→ THE DATA
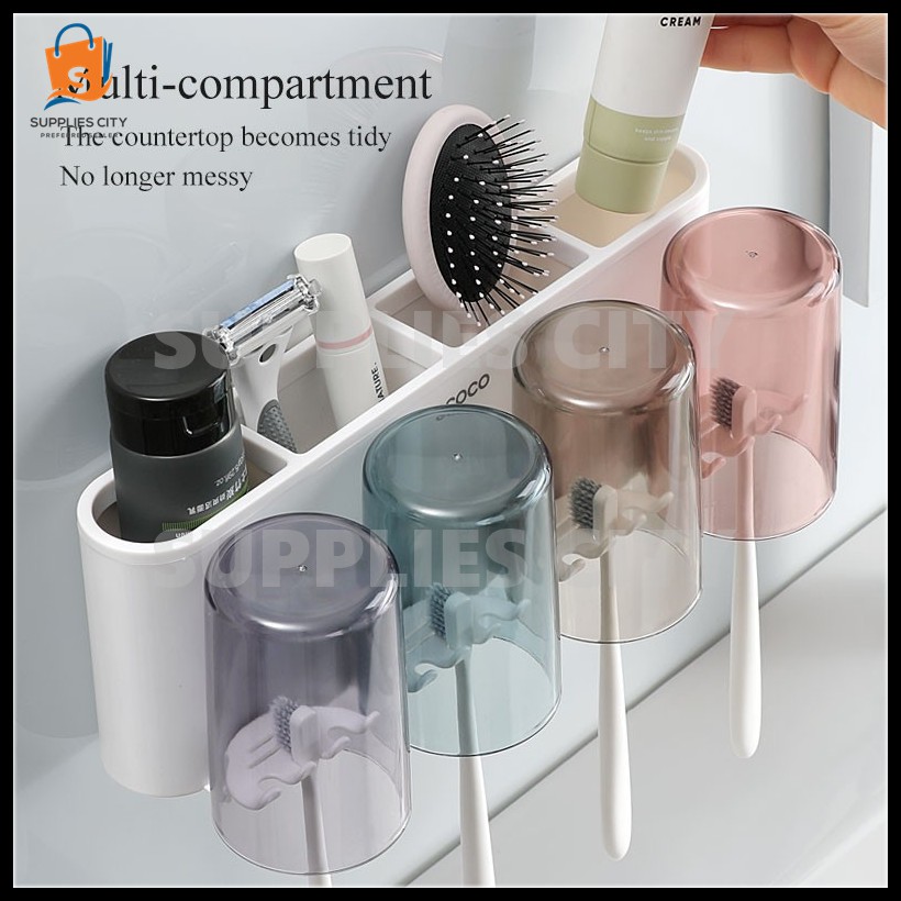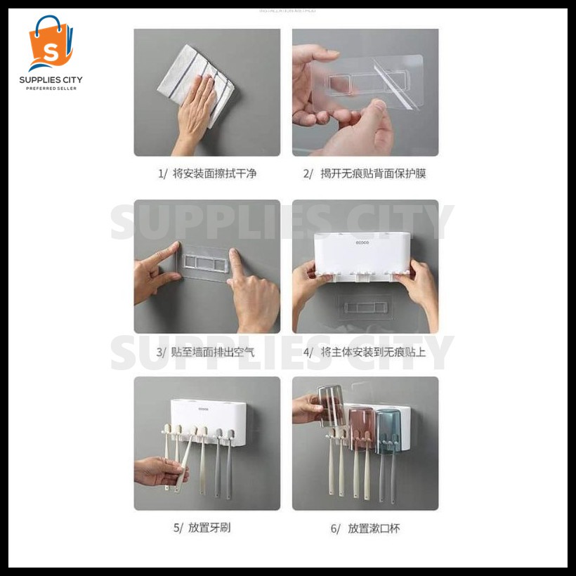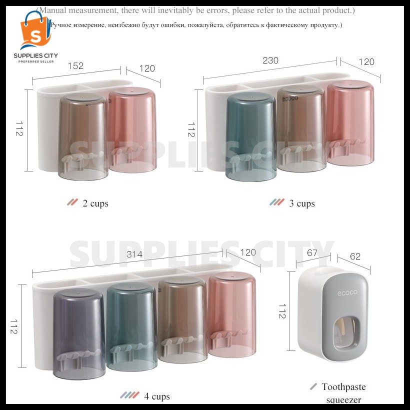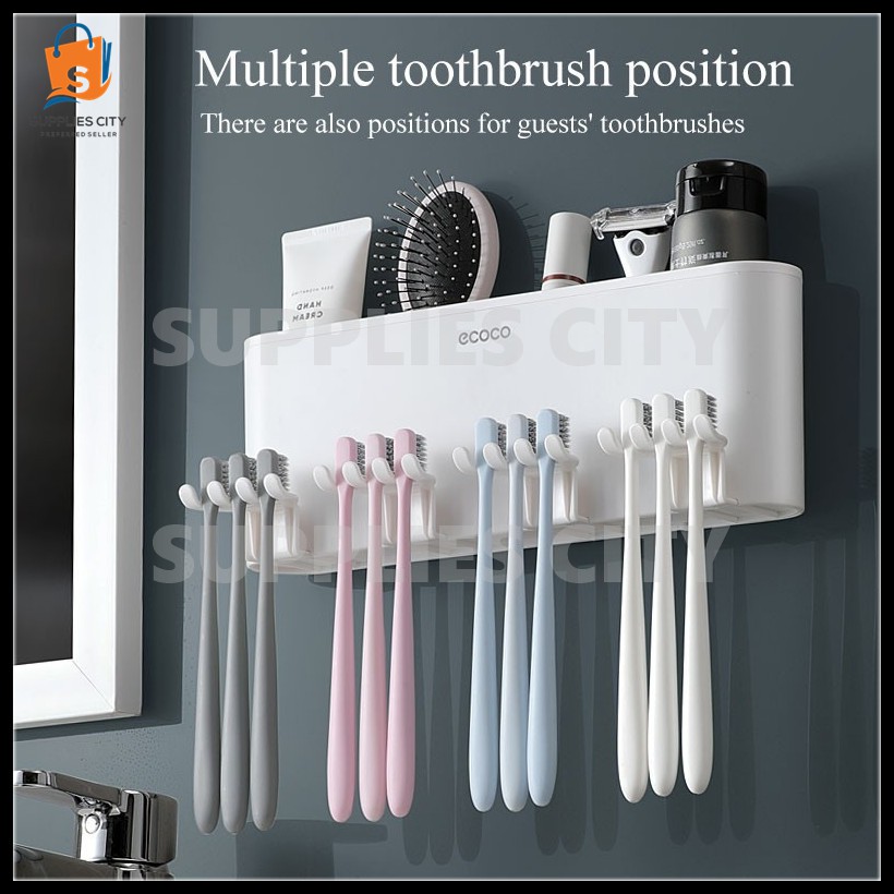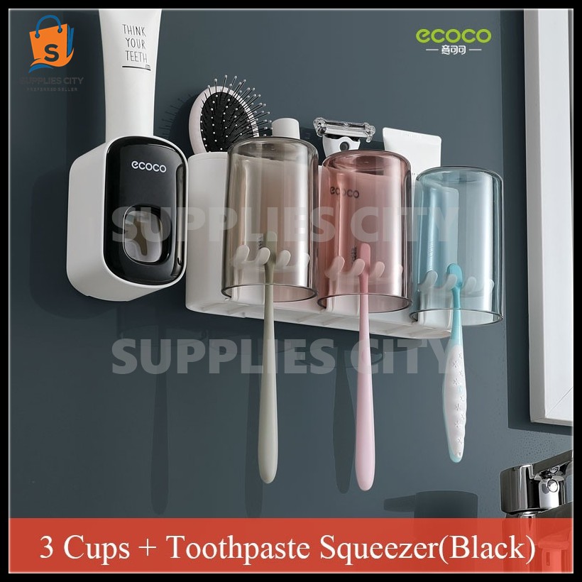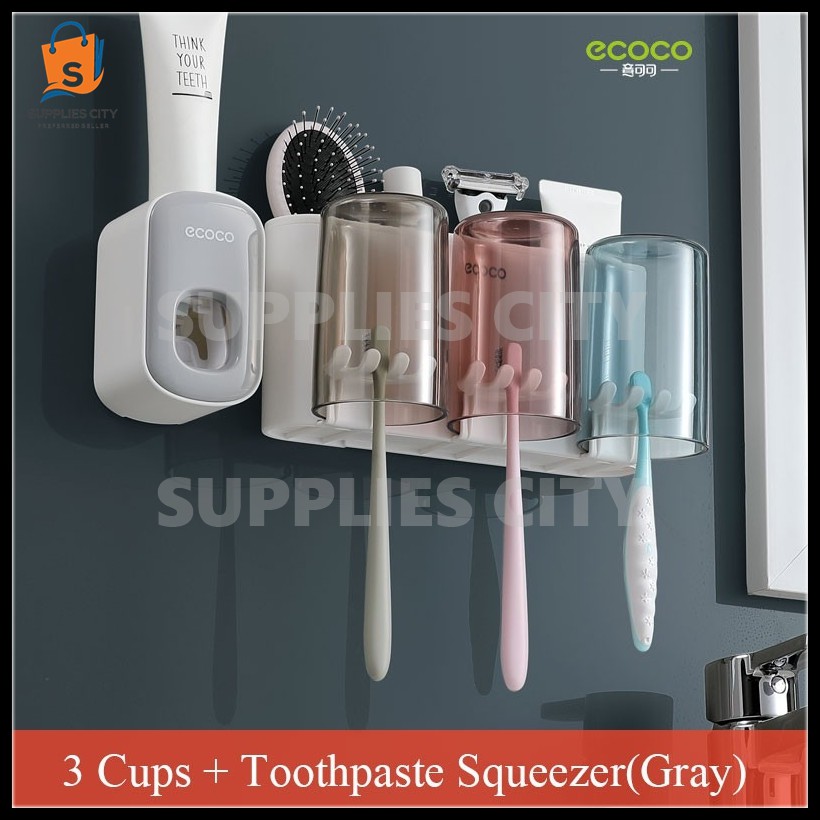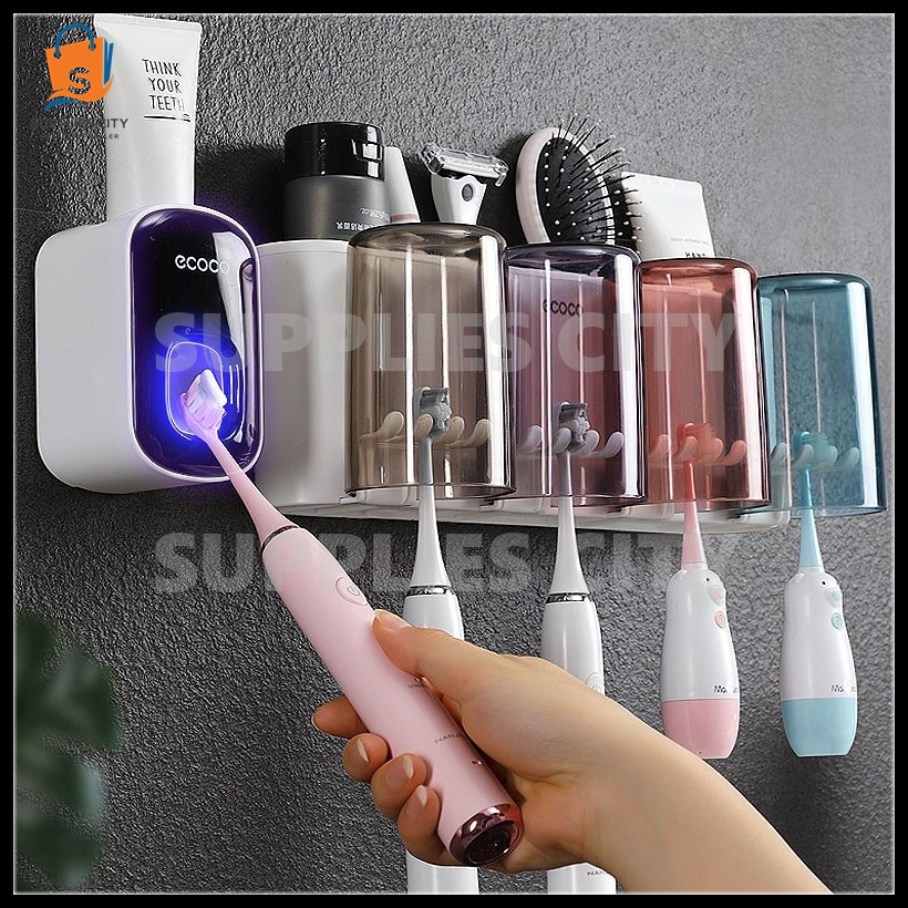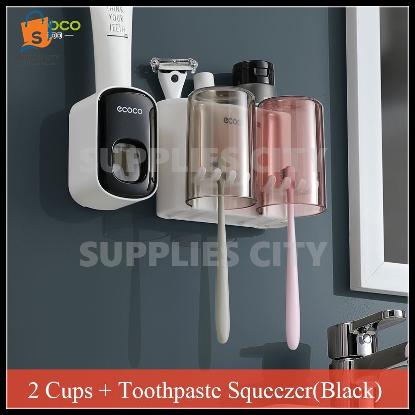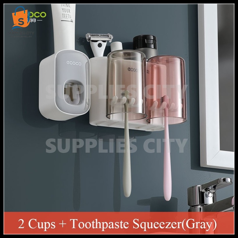 ECOCO Automatic Toothpaste Dispenser Toothbrush Wall Mount Rack Bathroom Organizer Holder 2P 3P
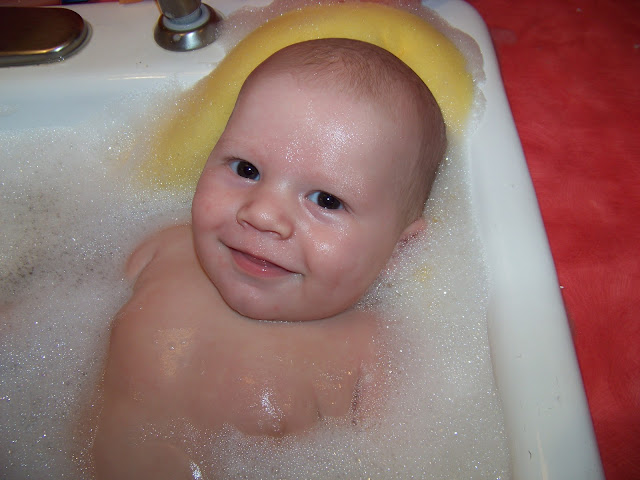At 2 months old, Josiah weighs 15 lbs. and 10 oz and is 24" long. He is still nursing and I just gotta say that this whole nursing business is hard work. Not only does Josiah seem to be hungry every 2 hours during the day, he also wants to use me as a pacifier pretty much all the time. So he is pretty much attached to me all day long. It's exhausting but we get a lot of bonding time in together which is so sweet.
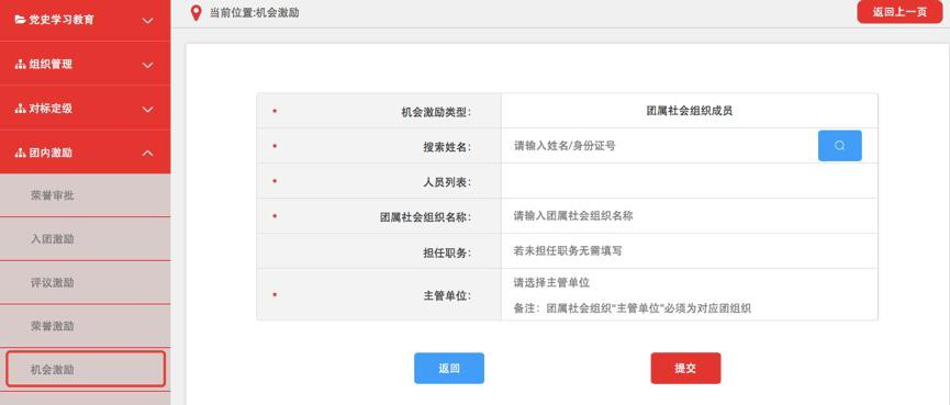 记载担任团内职务,作为团代表(团的委员会成员)人选,团属社会组织成员,以及推荐参加团的重大活动、特色实践活动、党和政府重大活动等信息。各级团组织均具有机会激励记载权限,具体操作步骤如下。
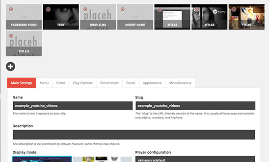 - full of choices – set up single videos, gallery of hand picked videos, gallery of mixed video types – youtube / dailymotion / selfhosted / audio files / images / vimeo / etc. , gallery of a youtube user channel, gallery of a vimeo user channel, gallery of a vimeo album, gallery of a youtube playlist etc.
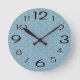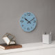 This wall clock has an art deco design of green half circles connect with lines on a field of blue.
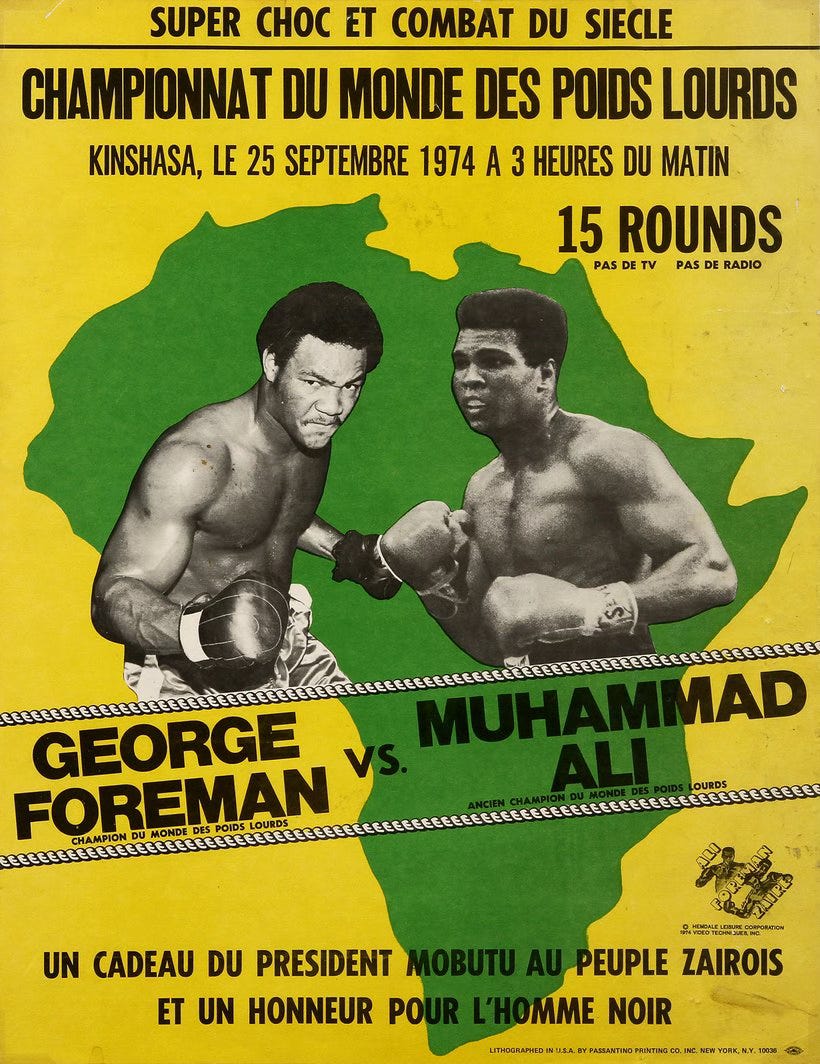 In 1974, in a massive PR campaign, the world heavyweight boxing championship match between George Foreman and Muhammad Ali was held in Kinshasa. The Rumble in the Jungle was one of the most remarkable sporting events of the 20th century and became a crown jewel of Mobutu's leadership of the still-young nation.

→ PROBLEM STATEMENT
The answer is the full listing above, reproduced character for character, minus its images.

→ ANSWER TO THIS TASK
 ECOCO Automatic Toothpaste Dispenser Toothbrush Wall Mount Rack Bathroom Organizer Holder 2P 3P
At 2 months old, Josiah weighs 15 lbs. and 10 oz and is 24" long. He is still nursing and I just gotta say that this whole nursing business is hard work. Not only does Josiah seem to be hungry every 2 hours during the day, he also wants to use me as a pacifier pretty much all the time. So he is pretty much attached to me all day long. It's exhausting but we get a lot of bonding time in together which is so sweet.
 记载担任团内职务,作为团代表(团的委员会成员)人选,团属社会组织成员,以及推荐参加团的重大活动、特色实践活动、党和政府重大活动等信息。各级团组织均具有机会激励记载权限,具体操作步骤如下。
 - full of choices – set up single videos, gallery of hand picked videos, gallery of mixed video types – youtube / dailymotion / selfhosted / audio files / images / vimeo / etc. , gallery of a youtube user channel, gallery of a vimeo user channel, gallery of a vimeo album, gallery of a youtube playlist etc.
 This wall clock has an art deco design of green half circles connect with lines on a field of blue.
 In 1974, in a massive PR campaign, the world heavyweight boxing championship match between George Foreman and Muhammad Ali was held in Kinshasa. The Rumble in the Jungle was one of the most remarkable sporting events of the 20th century and became a crown jewel of Mobutu's leadership of the still-young nation.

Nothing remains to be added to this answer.